Top of EXTRACTED MATERIAL

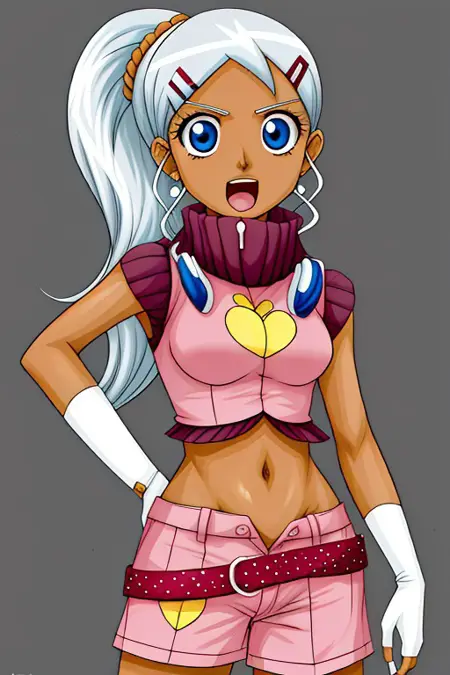 prompt text:bakugan,julie makimoto, dark skin, dark-skinned female,midriff, hairclip,navel,hair ornament,long hair,belt,gloves,ponytail,white hair,breasts,fingerless gloves
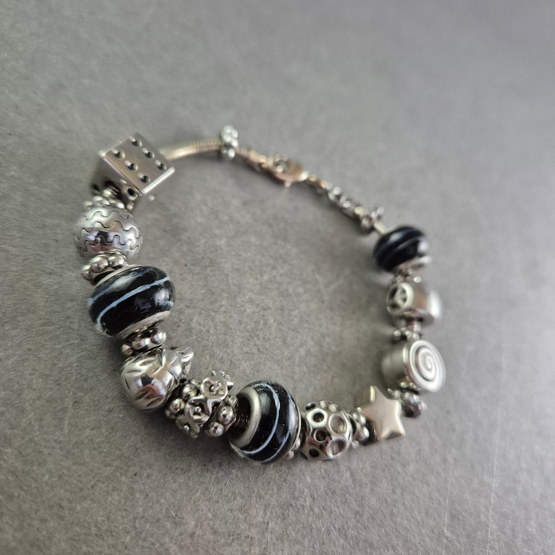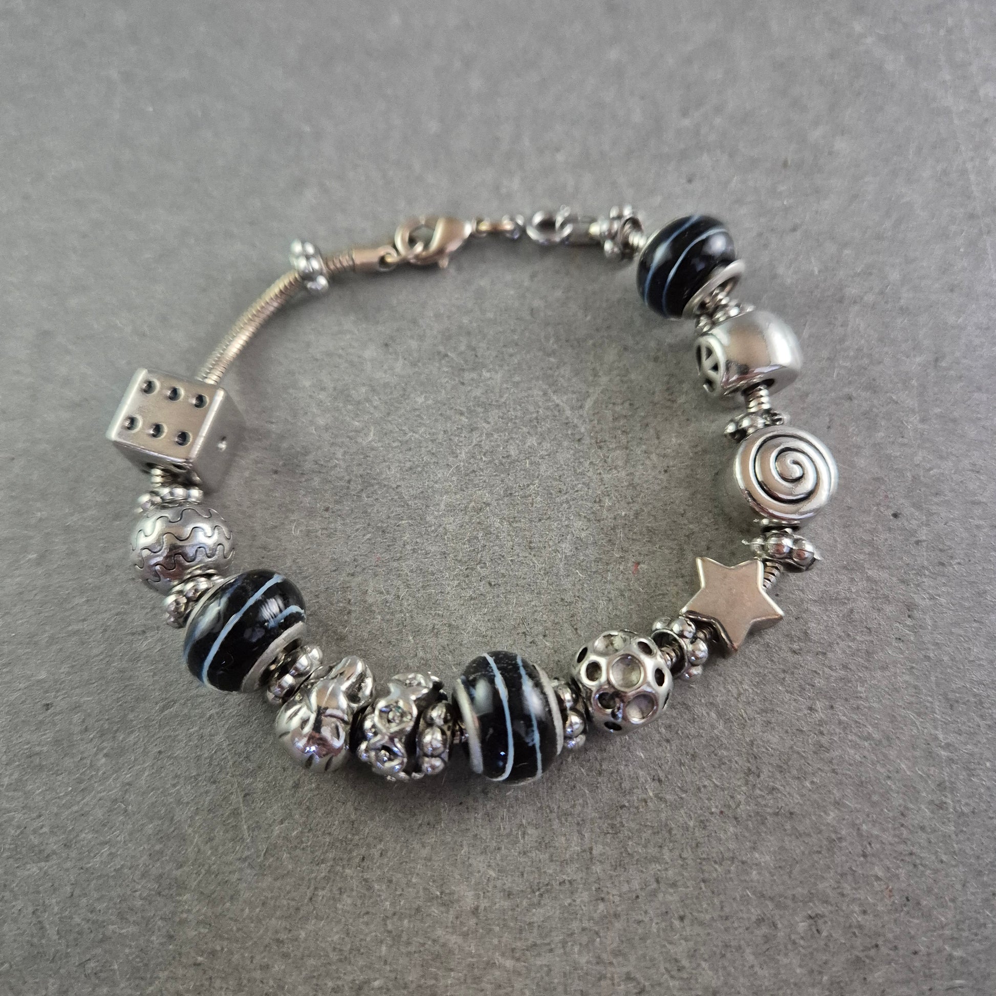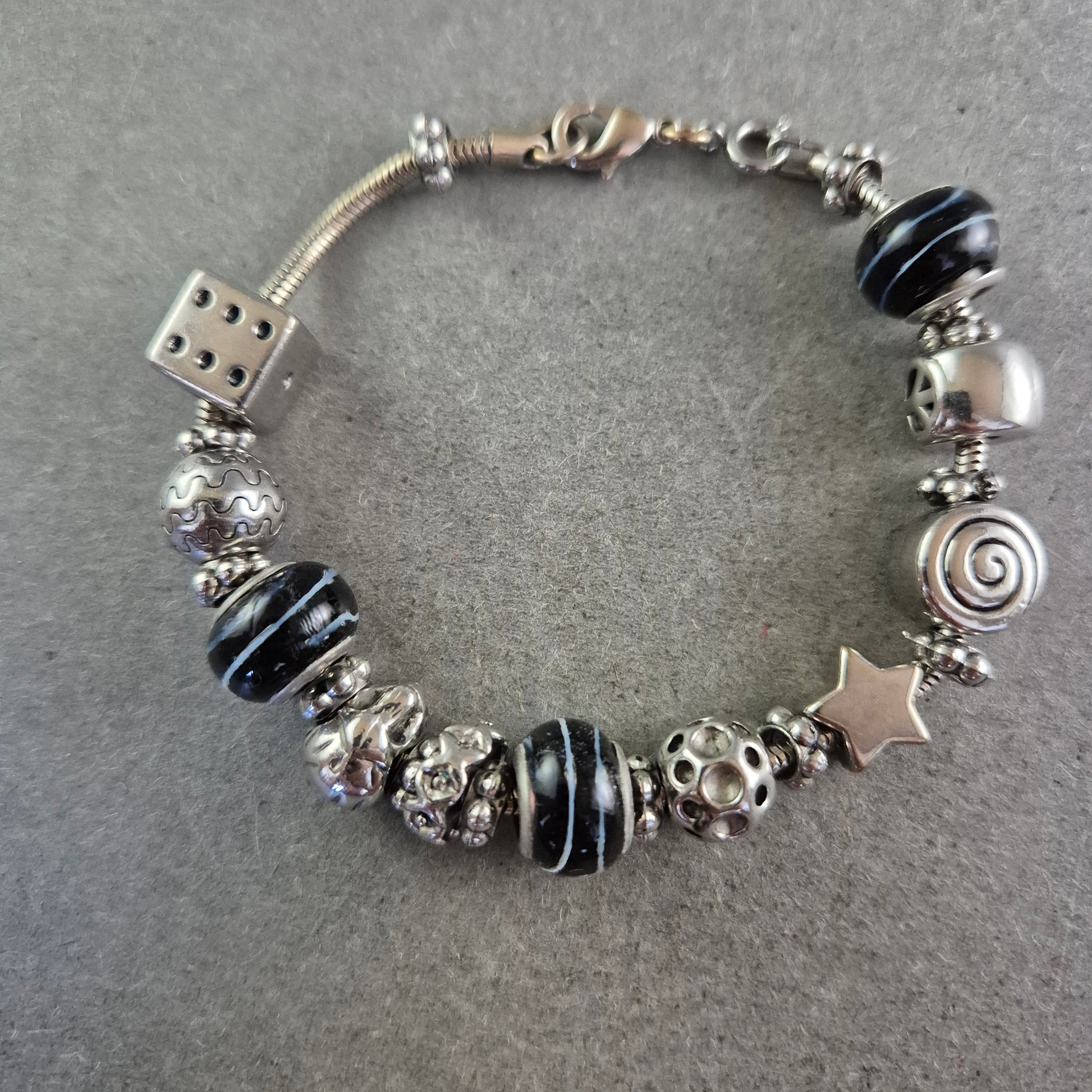 Dieses kreative Charm-Armband kombiniert verspielte Elemente mit edler Silberoptik. Neben detailreichen Metallanhängern – wie Stern, Spirale und Würfel – sorgen glasierte, schwarz-weiß marmorierte Perlen für einen modernen Look. Das Armband erinnert an den beliebten Stil von Pandora, ist jedoch einzigartig durch die liebevoll zusammengestellten Einzelteile.
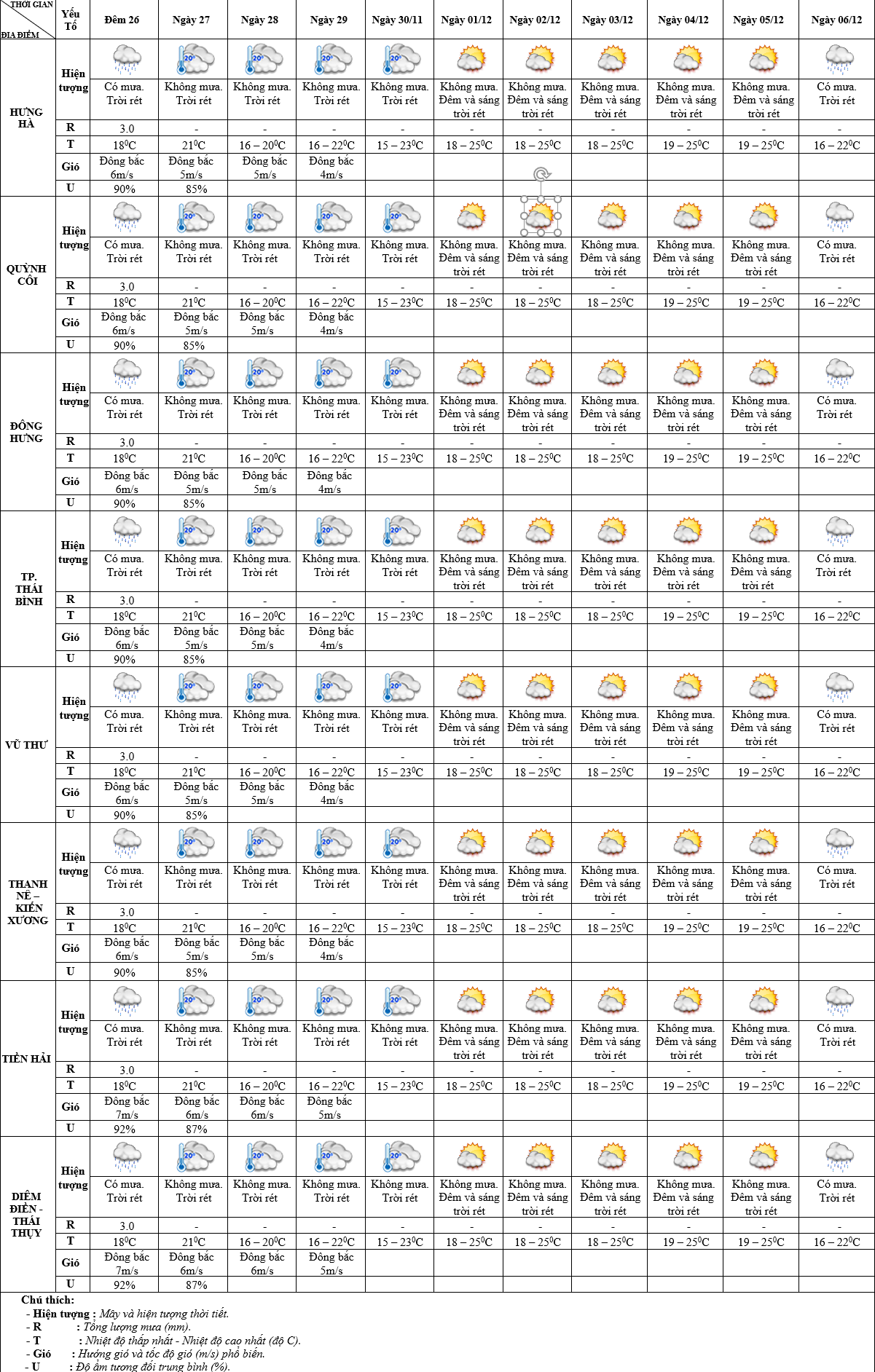 DỰ BÁO THỜI TIẾT 10 NGÀY KHU VỰC THÁI BÌNH TỪ ĐÊM 26/11 – 06/12/2024
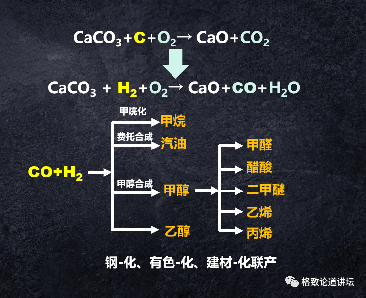 这样的话,通过与绿氢结合,工业二氧化碳就可以生成品类丰富的化学品。这些化学品原来需要通过化石能源来获得碳,现在就有钢化联产、有色跟化工联产、建材跟化工联产等途径,用联产的方式来降低碳的排放。
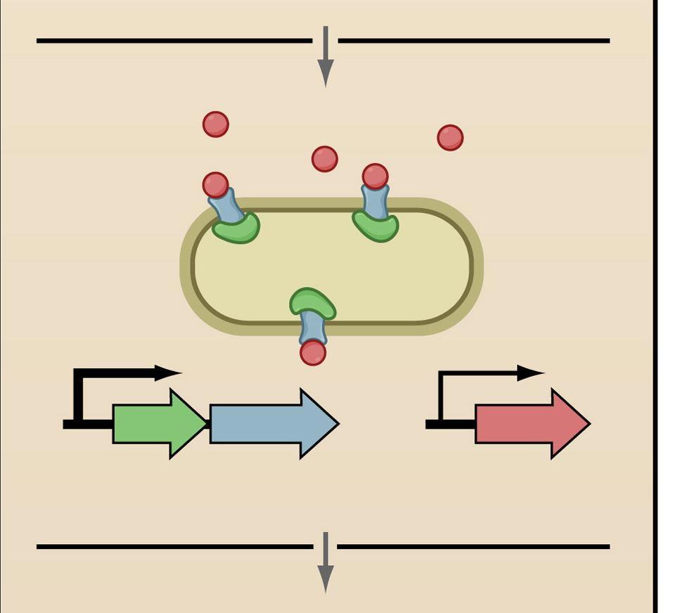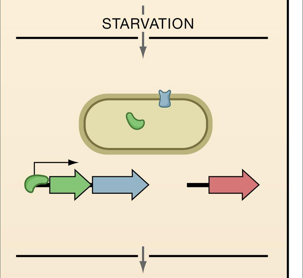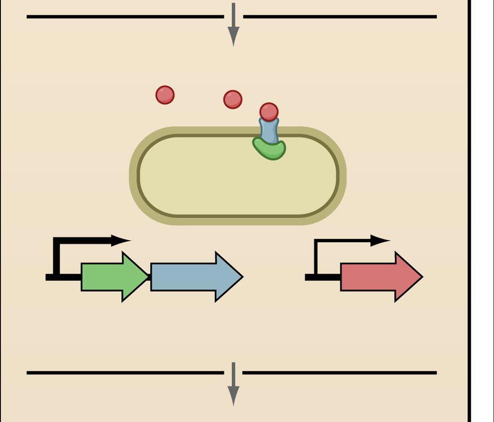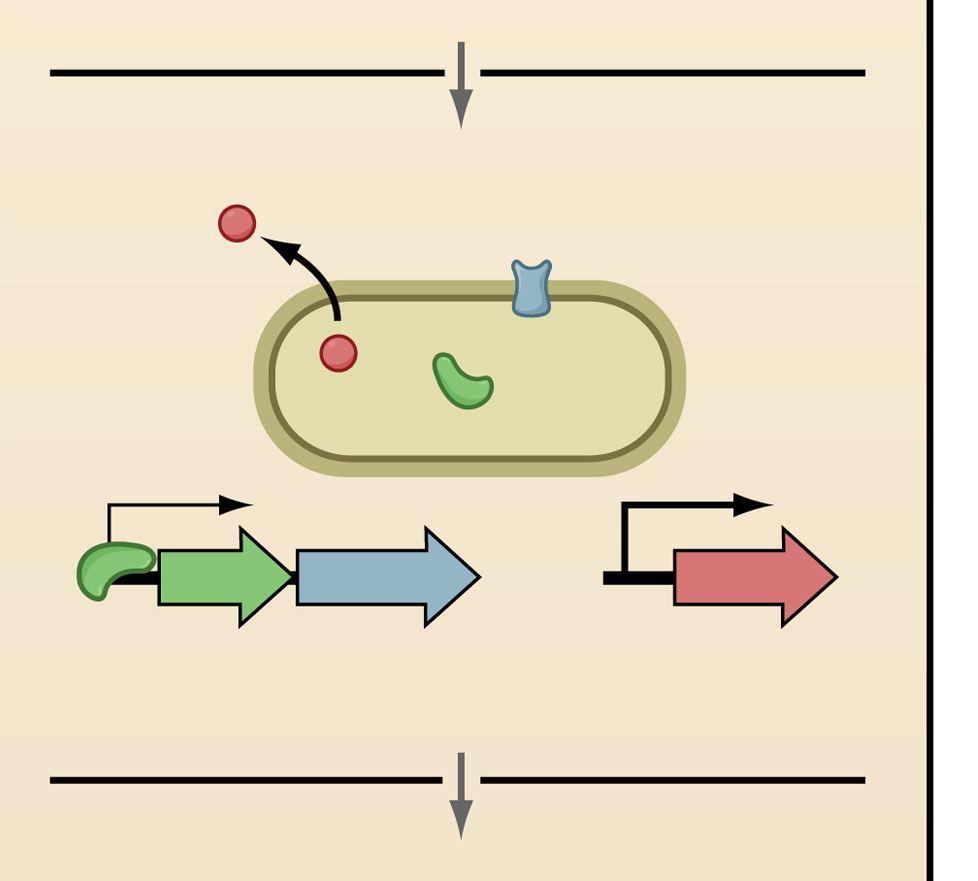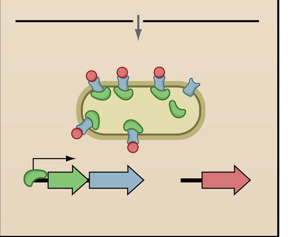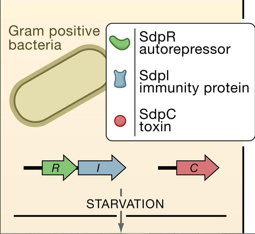 В нормальных условиях защитных белков SdpI (показаны серым цветом) немного. Их синтез блокируется белком SdpR (показан зелёным цветом). Но вот в окружающей среде не стало питательных веществ. Запустился ген-регулятор Spo0A. Бацилла выработала токсин SdpC (показан красным цветом) и вытолкнула его за пределы своей мембраны.

Bottom of EXTRACTED MATERIAL

All entries are to be retyped exactly. Omit any embedded images.

 prompt text:bakugan,julie makimoto, dark skin, dark-skinned female,midriff, hairclip,navel,hair ornament,long hair,belt,gloves,ponytail,white hair,breasts,fingerless gloves
 Dieses kreative Charm-Armband kombiniert verspielte Elemente mit edler Silberoptik. Neben detailreichen Metallanhängern – wie Stern, Spirale und Würfel – sorgen glasierte, schwarz-weiß marmorierte Perlen für einen modernen Look. Das Armband erinnert an den beliebten Stil von Pandora, ist jedoch einzigartig durch die liebevoll zusammengestellten Einzelteile.
 DỰ BÁO THỜI TIẾT 10 NGÀY KHU VỰC THÁI BÌNH TỪ ĐÊM 26/11 – 06/12/2024
 这样的话,通过与绿氢结合,工业二氧化碳就可以生成品类丰富的化学品。这些化学品原来需要通过化石能源来获得碳,现在就有钢化联产、有色跟化工联产、建材跟化工联产等途径,用联产的方式来降低碳的排放。
 В нормальных условиях защитных белков SdpI (показаны серым цветом) немного. Их синтез блокируется белком SdpR (показан зелёным цветом). Но вот в окружающей среде не стало питательных веществ. Запустился ген-регулятор Spo0A. Бацилла выработала токсин SdpC (показан красным цветом) и вытолкнула его за пределы своей мембраны.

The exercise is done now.